The maximum total number of optional metadata fields you can add to an Item interactions dataset, combined with total number of distinct event types in your Item interaction data, is 10. The metadata fields included in this count are EVENT_TYPE, EVENT_VALUE fields along with any custom metadata fields you add to your schema. The maximum number of metadata fields excluding reserved fields, such as IMPRESSION, is 5. Categorical values can have at most 1000 characters. If you have an interaction with a categorical value with more than 1000, your dataset import job will fail.
For more information on minimum requirements and maximum data limits for an Item interactions dataset, see Service quotas.

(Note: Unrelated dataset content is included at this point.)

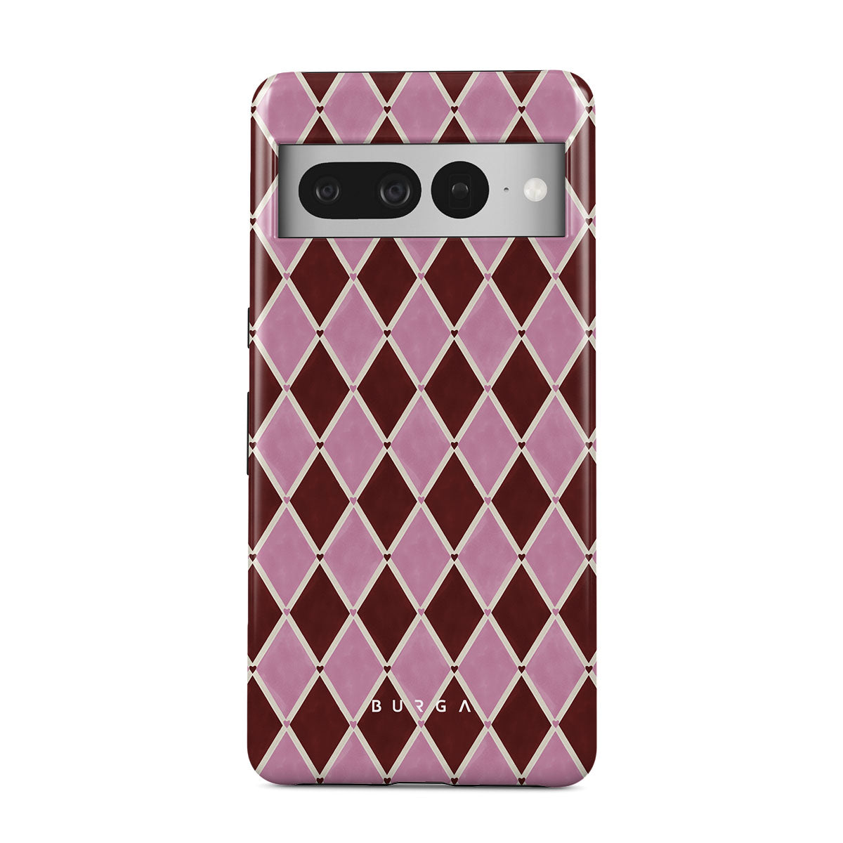 Questo design include: motivo arlecchino, rombi rosa, sfondo rosso intenso

Interactions schema example (custom)
The following example shows a schema for an Item interactions dataset.
The USER_ID
, ITEM_ID
, and
TIMESTAMP
fields are required. The
EVENT_TYPE
, EVENT_VALUE
, and
IMPRESSION
fields are optional reserved keywords
recognized by Amazon Personalize. EVENT_TYPE must of type string and can't be
categorical. LOCATION
and DEVICE
are optional
contextual metadata fields. For information on schema requirements see
Custom dataset and schema
requirements.
{ "type": "record", "name": "Interactions", "namespace": "com.amazonaws.personalize.schema", "fields": [ { "name": "USER_ID", "type": "string" }, { "name": "ITEM_ID", "type": "string" }, { "name": "EVENT_TYPE", "type": "string" }, { "name": "EVENT_VALUE", "type": [ "float", "null" ] }, { "name": "LOCATION", "type": "string", "categorical": true }, { "name": "DEVICE", "type": [ "string", "null" ], "categorical": true }, { "name": "TIMESTAMP", "type": "long" }, { "name": "IMPRESSION", "type": "string" } ], "version": "1.0" }
For this schema, the first few lines of historical data in a CSV file might look like the following. Note that some values for EVENT_VALUE are null.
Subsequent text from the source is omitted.